”Türk finans sektörü krizden güçlü çıkabilir”

Deloitte, 2001 krizinden sonra, Türkiye finans sektörünün "pek çok" zayıf yönünü güçlendirdiği vurgulanıyor

YAYINLAMA
GÜNCELLEME

 

İSTANBUL - Deloitte tarafından hazırlanan "Türkiye Finans Sektörü Raporu – Dünden Bugüne ve Yarına" başlıklı çalışmada, sektörün orta ve uzun vadede doğru politikaları uygulanması halinde, krizden küresel konumunu güçlendirmiş olarak çıkabileceği belirtildi.

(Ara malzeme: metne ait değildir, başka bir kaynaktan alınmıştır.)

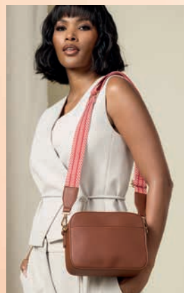
Dakaria Crossbody Bag Brown faux-leather sling bag with adjustable red & cream woven shoulder strap. 20 cm L x 7 cm W x 15 cm H 1580099 R379 90 ALL LIMITED EDITION

Deloitte tarafından yapılan yazılı açıklamada yer verilen raporda, 2001 krizi öncesinden başlayarak, Türkiye ekonomisi ve finans sektörü arasındaki ilişki sunulurken, Türkiye'de bankacılığın yanı sıra sigortacılık, bireysel emeklilik, tüketici finansmanı, faktoring ve finansal kiralama sektörlerindeki durum hakkında analizler bulunuyor.

Raporda, 2001 krizinden sonra yaşanan yeniden yapılanma süreci sonucunda, Türkiye finans sektörünün "pek çok" zayıf yönünü güçlendirdiği vurgulanıyor.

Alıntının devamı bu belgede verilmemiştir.